Each paradigm was tested with multiple foundation models (Claude Sonnet 4, Claude Opus 4, Gemini 2.5 Pro) across 729 total task instances ¹.

graph LR
    subgraph Paradigms
        W[Web Agent<br/>Browser GUI]
        M[MCP Agent<br/>Tool Abstractions]
        T[Terminal Agent<br/>Shell + API]
    end
    subgraph Platforms
        SN[ServiceNow<br/>330 tasks]
        GL[GitLab<br/>192 tasks]
        ER[ERPNext<br/>207 tasks]
    end
    W --> SN
    W --> GL
    W --> ER
    M --> SN
    M --> GL
    M --> ER
    T --> SN
    T --> GL
    T --> ER

The Numbers: Terminal Agents Win on Cost, Compete on Accuracy

The headline results are striking. Terminal agents achieved the highest or tied success rates in seven of twelve platform–model combinations ¹:

Platform	Terminal Agent	Web Agent	MCP Agent
ServiceNow	73.6–79.1%	72.4–77.6%	11.5–16.1%
GitLab	71.3–80.2%	81.4–84.6%	45.2–48.9%
ERPNext	67.6–76.8%	61.8–81.6%	55.6–68.9%

MCP agents lagged significantly on ServiceNow because the available MCP servers lacked tools for service catalogue ordering, page navigation, and dashboard chart reading — task categories accounting for over half the benchmark ¹. This is a structural limitation: MCP tool surfaces are only as comprehensive as someone has bothered to build them.

The cost differential is where the terminal approach truly dominates:

Platform	Terminal Cost/Task	Web Cost/Task	Ratio
ServiceNow	$0.78–$1.94	$4.21–$4.49	4–6× cheaper
GitLab	$0.28–$0.50	$0.85–$0.88	2–3× cheaper
ERPNext	$0.46–$0.72	$3.63–$6.49	5–9× cheaper

The Gemini 2.5 Pro terminal configuration reached 77.5% overall accuracy at $0.09 per task ¹ — an order of magnitude below web-agent costs for comparable accuracy.

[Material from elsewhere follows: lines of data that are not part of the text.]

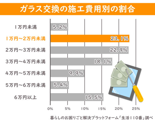 ガラス交換にかかった金額ごとの割合を以下の表にまとめました。
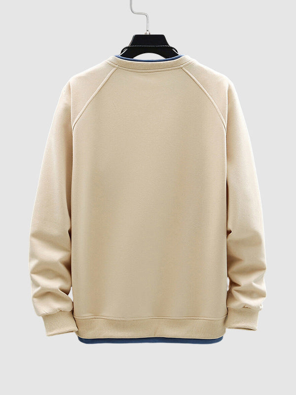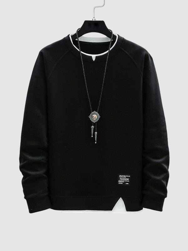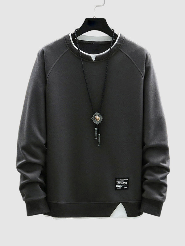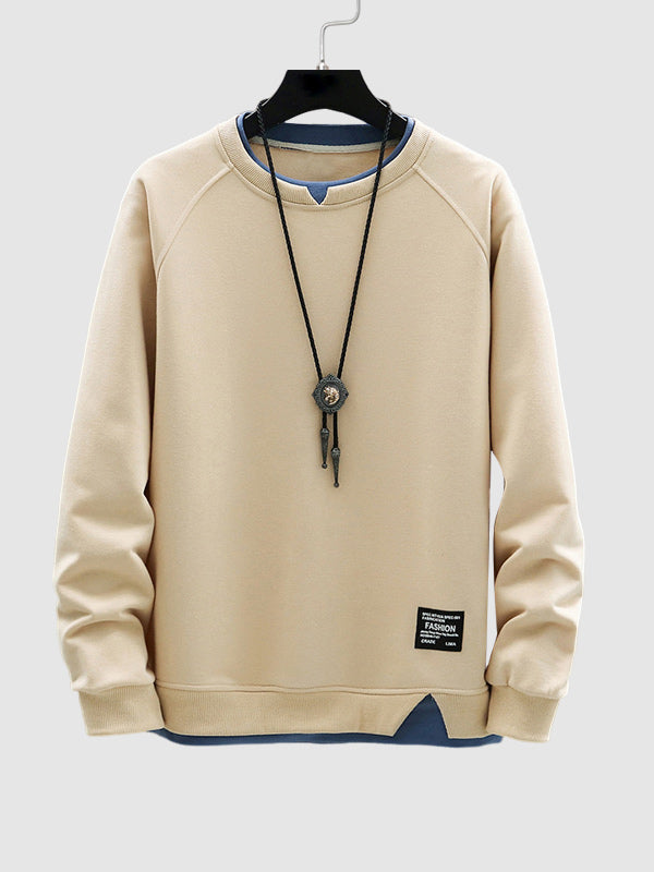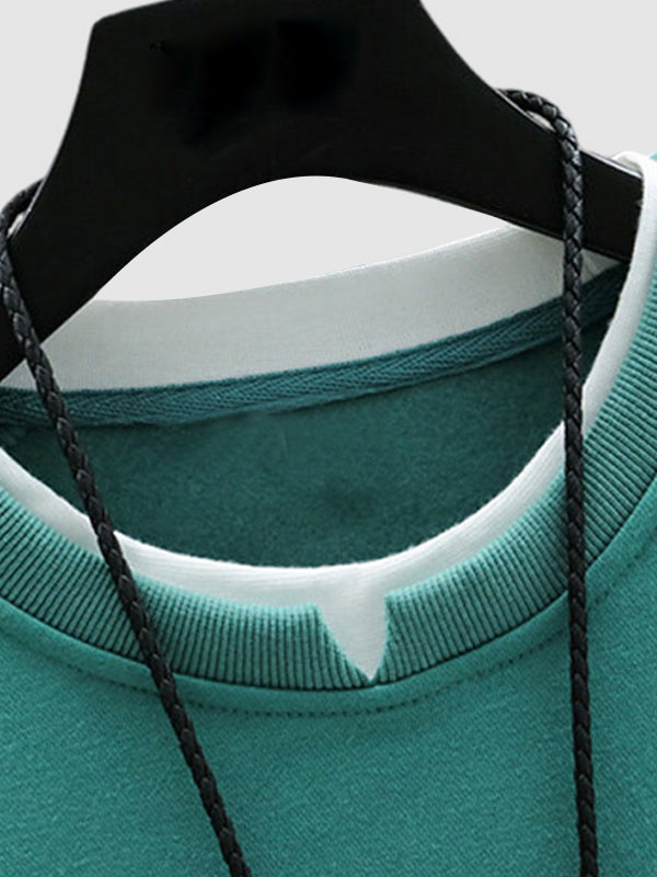 Men's fake two piece stacking crew neck sweatshirt
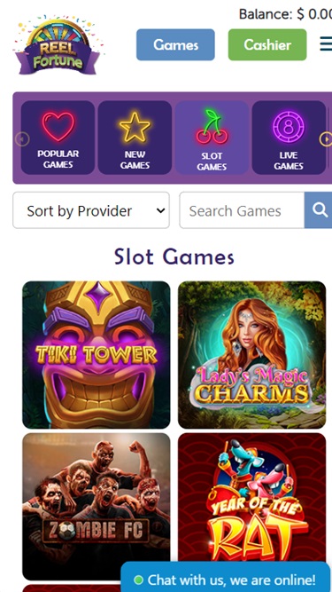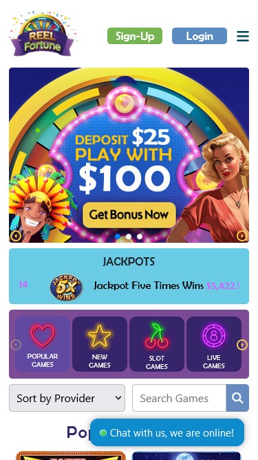 カジノの主なカテゴリーは「プロモーション」「バンキング」「リワード」で、カジノゲームセクションには「人気ゲーム」「新着ゲーム」「スロットゲーム」「ライブゲーム」「テーブルゲーム」「ビデオポーカー」「クラッシュゲーム」「ジャックポットゲーム」「全ゲーム」があります。ブラウジングオプションも用意されているので、ゲーム名やプロバイダーでお気に入りのカジノゲームを見つけることができます。Reel Fortuneはまさにプレイヤー中心のカジノで、すべてが分かりやすく整理されています。
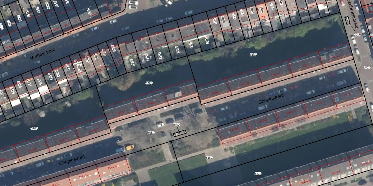 Chopinstraat 22-B is gelegen op kadastraal perceel VDG00D5166. Deze kadastrale aanduiding is uniek en wordt gebruikt door het Kadaster om eigendomsrechten en andere zakelijke rechten vast te leggen. Het perceel maakt onderdeel uit van de kadastrale gemeente Vlaardingen.
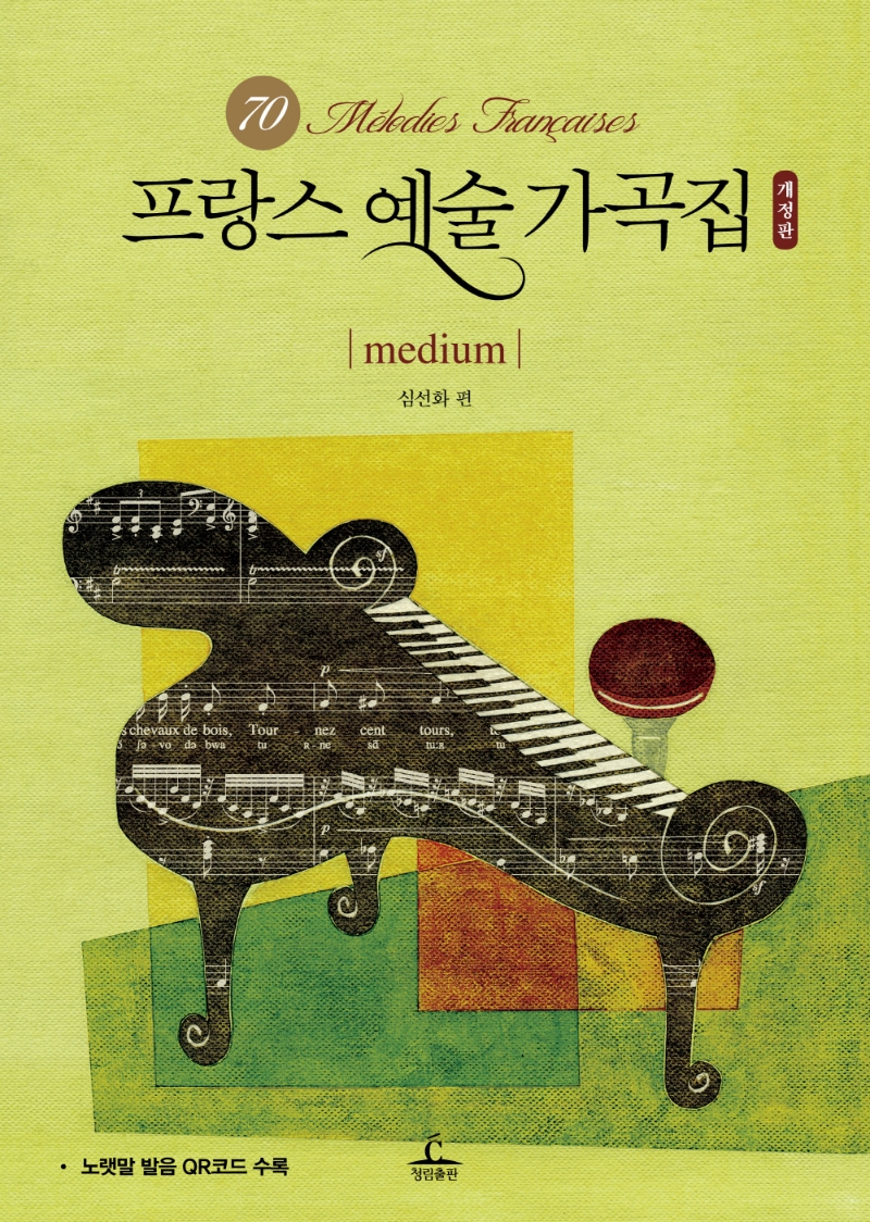 이 책은 아름답고 음악적인 특징을 가진 총 70개의 악보를 수록한 프랑스 예술 가곡집이다. 프랑스가곡 전문가인 심선화 교수가 편저를 맡았으며, 악보의 책임 교정까지 꼼꼼히 반영하여 프랑스 예술 가곡을 애호하는 성악가들을 위해 꼭 필요한 책이다. 각 악보에 프랑스 발음기호를 명기해두었으며, 이번에 meidium이 새롭게 개정되면서 노랫말 발음을 QR코드로 수록하여 프랑스어의 아름다운 발음을 익힐 수 있도록 하였다.
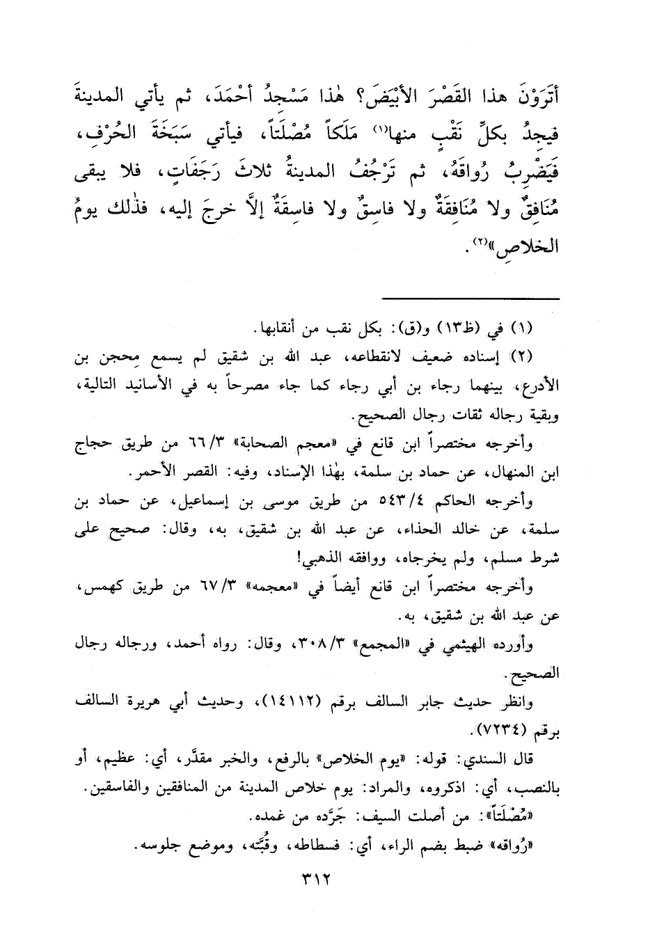 أَتَرَوْنَ هَذَا الْقَصْرَ الْأَبْيَضَ؟ هَذَا مَسْجِدُ أَحْمَدَ ثُمَّ يَأْتِي الْمَدِينَةَ، فَيَجِدُ بِكُلِّ نَقْبٍ مِنْهَا (١) مَلَكًا مُصْلِتًا، فَيَأْتِي سَبْخَةَ الْحَرْفِ، فَيَضْرِبُ رُوَاقَهُ، ثُمَّ تَرْجُفُ الْمَدِينَةُ ثَلَاثَ رَجَفَاتٍ، فَلَا يَبْقَى مُنَافِقٌ، وَلَا مُنَافِقَةٌ، وَلَا فَاسِقٌ، وَلَا فَاسِقَةٌ، إِلَّا خَرَجَ إِلَيْهِ، فَذَلِكَ يَوْمُ الْخَلَاصِ " (٢)
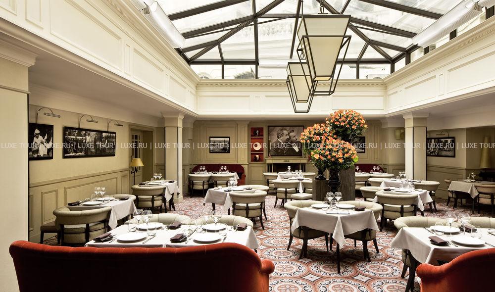 В элегантном ресторане Café Lumiere, увенчанном стеклянным куполом, подаются изысканные блюда французской кухни, приготовленные под руководством шеф-повара Франка Шарпентье (Franck Charpentier).
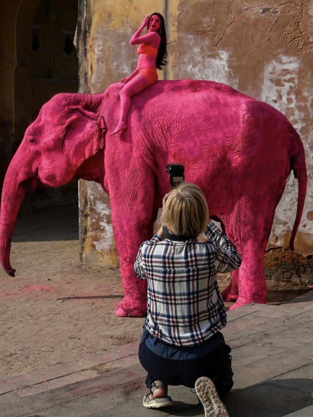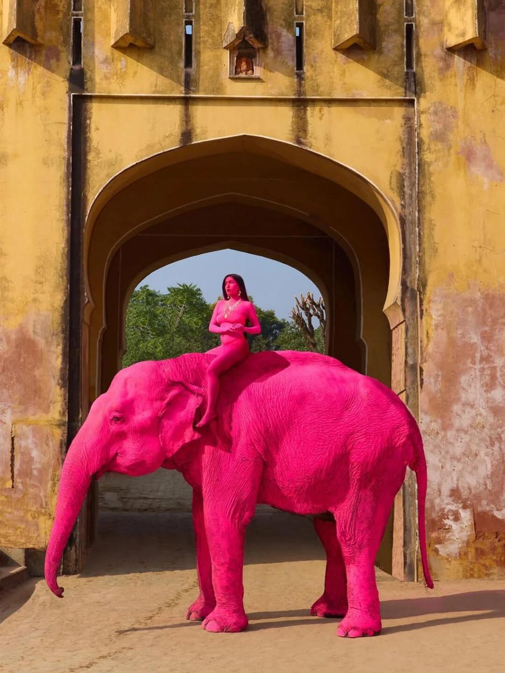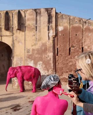 的确,如果真想要粉色的视觉效果,为啥不像印度当地人那样涂一点点粉色花纹,或者干脆把大象 P 成粉色,只让人类模特涂成粉色再来拍呢?
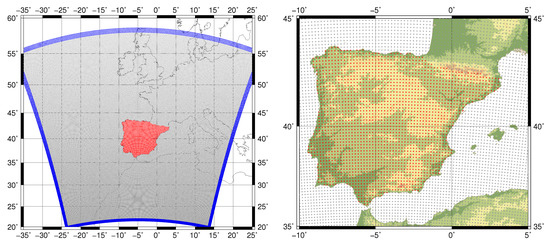 The domain is centered over the IP, but it also covers much of western Europe and northwestern Africa. A mask over the IP was defined in order to highlight the grid points included in the study (in red in both panels of Figure 1). Taking into account previous studies [62,63], the configuration of the domain prevents border effects to appear in the study region and mesoscale systems can be freely developed. Both simulations have 51 vertical levels and present a spatial resolution of 15 km. The outputs from the model are stored every 3 h in both experiments.
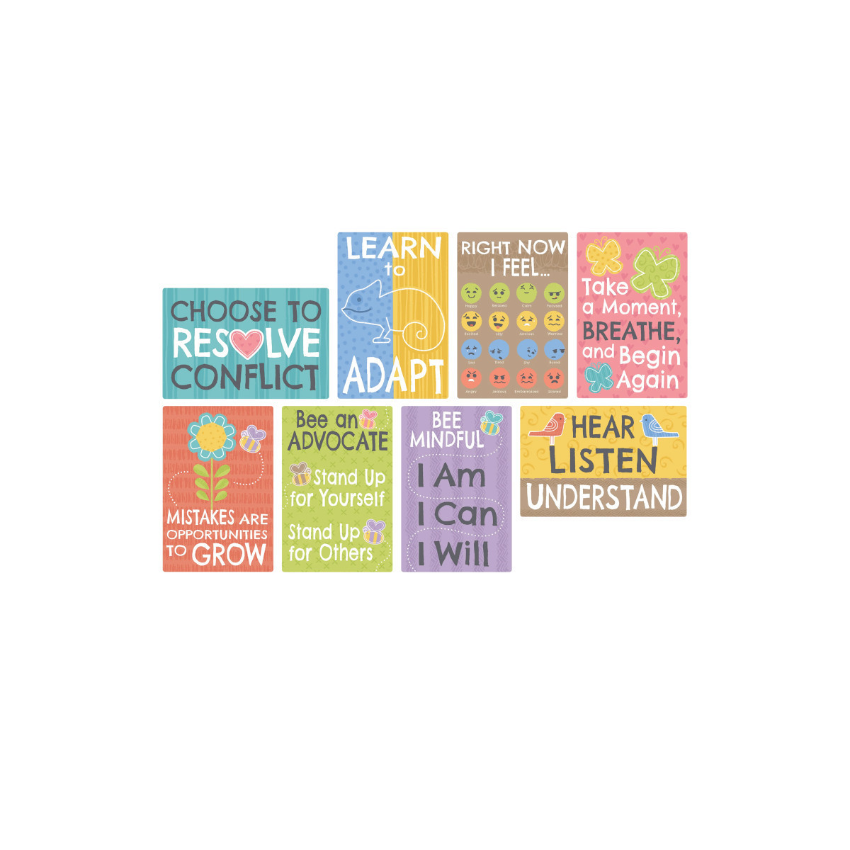 Foster a nurturing space with the 8 posters in the Ready to Grow Learning Set. Display one poster at a time or all at once to help learners increase self-awareness, express emotions, and grow compassion. Perfect for creating cozy areas and calm, quiet zones. Encourage students to pick a poster to discuss, then talk about ways to put it into practice. These conversations help increase self-advocacy, supporting kids on a path to emotional well-being. Encouraging messages, calming colors, and natural images help make classrooms, homes, offices, libraries, conference rooms, cafeterias, and hallways inviting spaces ready to help kids grow.
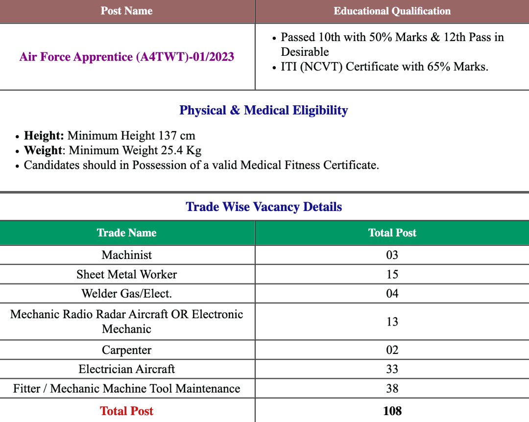 Name of Post: Indian Airforce Apprentices 01/2023 Online Form
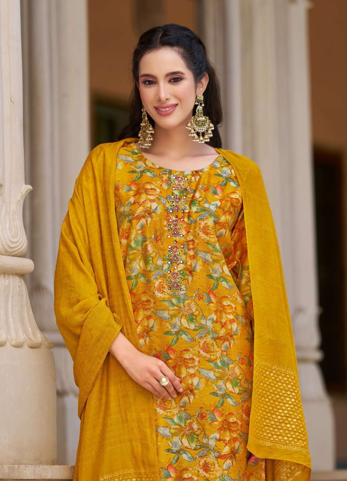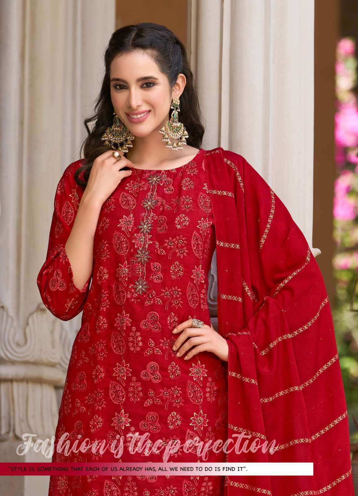 TOP PANT FABRIC - VERTICAN SILK FOIL PRINT WITH HAND WORK
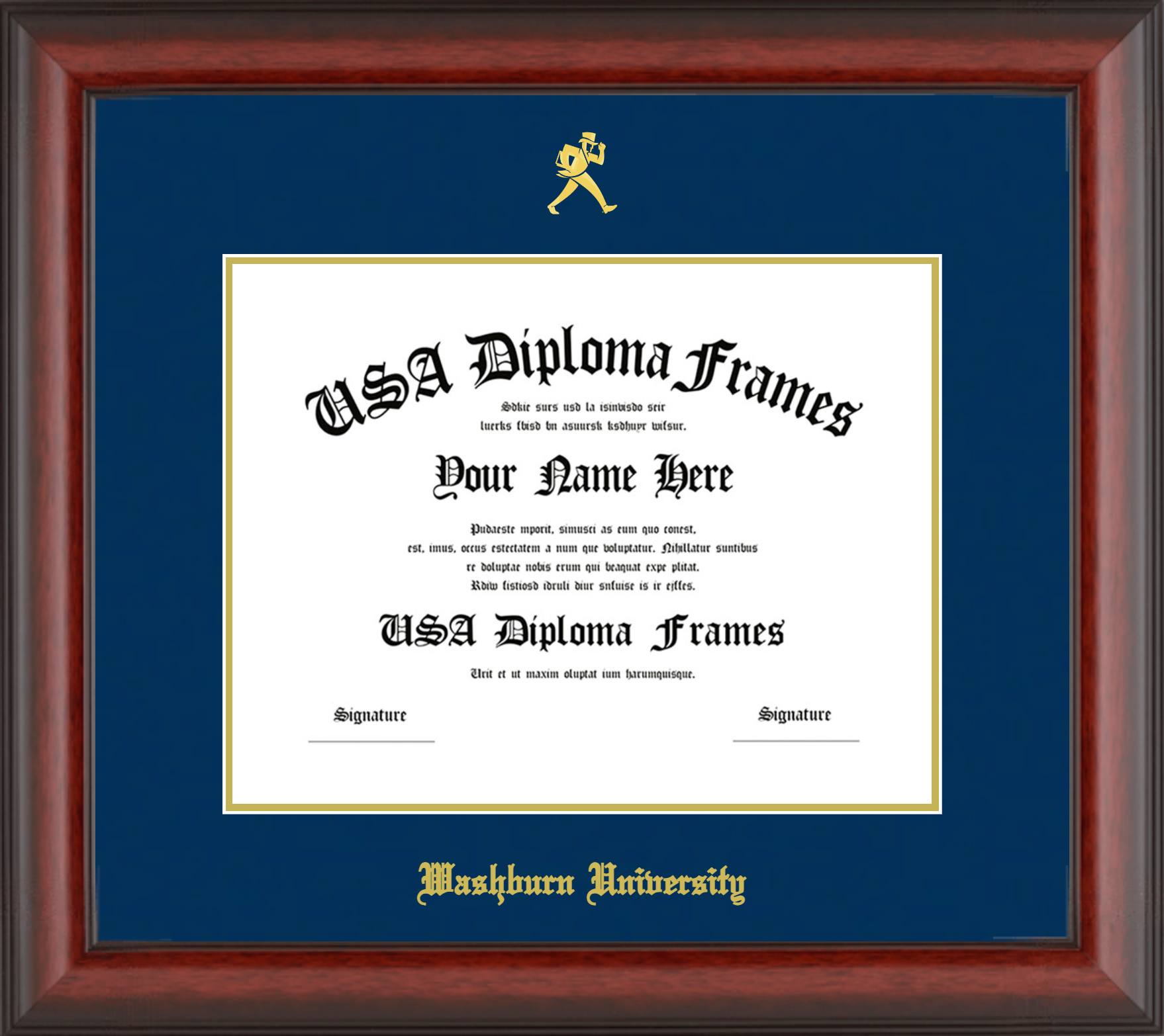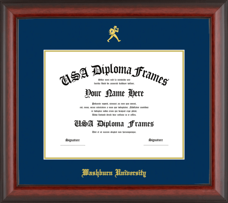 Washburn University Diploma Frame – Cherry Mahogany Matte – Navy and Gold Mat
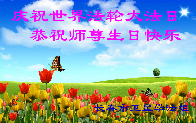 吉林省長春衛星學法小組大法弟子慶祝世界法輪大法日!恭祝師尊生日快樂!
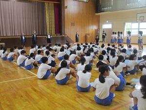 今日は中学年と高学年の表現の練習がとても素晴らしかったです。中学年は4年生の実行委員が中心となって進めています。振り返りの時にほぼ全員の手が挙っていました。運動場での練習も頑張っていました。
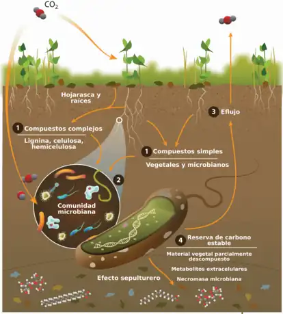 Aproximadamente 60 GtC/año se acumulan en el suelo. Este 60 GtC/año es el balance de 120 GtC/año contraído de la atmósfera por la fotosíntesis de las plantas terrestres reducidas en 60 GtC/año de respiración de la planta. Un equivalente de 60 GtC/año se respira del suelo, uniéndose a la respiración de la planta de 60G tC/año para regresar a la atmósfera.[6][7]
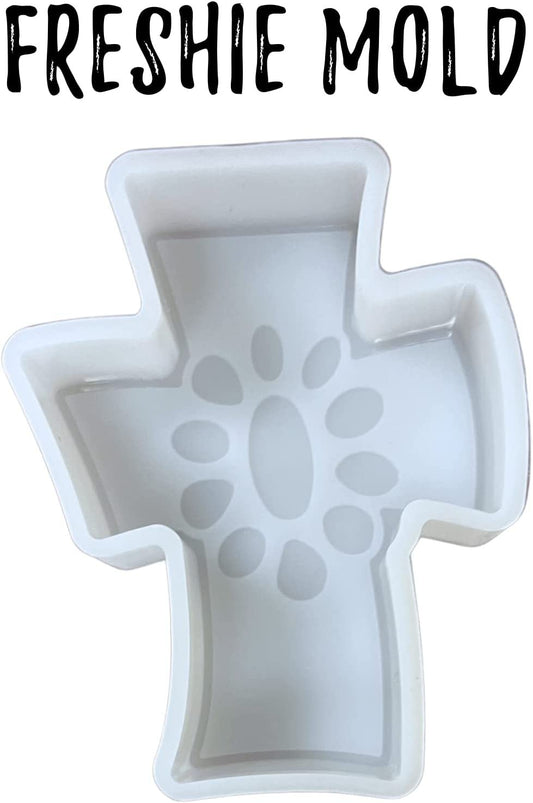 Cross with Turquoise Concho Western Car Freshie Silicone Mold | 3 x 3.75” x 0.08” inches for Scented Aroma Beads Car Candle, Soap Oven Safe to 450 F Bake Heat Resistant Christian Religious

Why Terminal Agents Win: The API Directness Advantage

The paper’s analysis identifies three structural advantages of the terminal-first approach:

1. No Abstraction Tax

Web agents pay a rendering tax — parsing HTML, waiting for page loads, handling JavaScript-heavy SPAs. MCP agents pay a tool-surface tax — constrained to whatever operations someone has implemented as tools. Terminal agents bypass both by calling REST APIs directly with curl, jq, and standard Unix tooling ¹.

2. Composability

A terminal agent can chain arbitrary API calls, pipe outputs through text processing, and write scripts that encode multi-step workflows. This composability is native to the shell, requiring no framework support ¹. When a web agent encounters a task requiring three sequential form submissions, it must navigate three pages. A terminal agent writes a three-line script.

3. Debuggability

Every terminal agent action produces a visible command and response. There is no hidden browser state, no invisible tool-server communication. When a task fails, the diagnostic trail is in the shell history ¹.

Mapping to Codex CLI: Configuration for API-First Enterprise Work

These findings translate directly into Codex CLI configuration patterns for teams doing enterprise automation.

Pattern 1: AGENTS.md as API Reference Index

The paper found that providing official API documentation had mixed effects — improving ERPNext accuracy by 4.7% but reducing ServiceNow accuracy by 6.3%, likely due to context dilution ¹. The lesson: do not dump entire API docs into context. Instead, use AGENTS.md to index the most relevant endpoints:

# AGENTS.md — ServiceNow Integration

## API Base
All ServiceNow API calls use: `https://instance.service-now.com/api/now`

## Key Endpoints
- **Incidents:** `GET/POST /table/incident` — CRUD on incident records
- **Catalogue:** `POST /sn_sc/servicecatalog/items/{id}/order_now` — order items
- **CMDB:** `GET /table/cmdb_ci` — query configuration items

## Authentication
Use bearer token from `$SNOW_TOKEN`. Never embed credentials in scripts.

## Preferred Tools
Use `curl -s | jq` for all API interactions. Avoid browser-based approaches.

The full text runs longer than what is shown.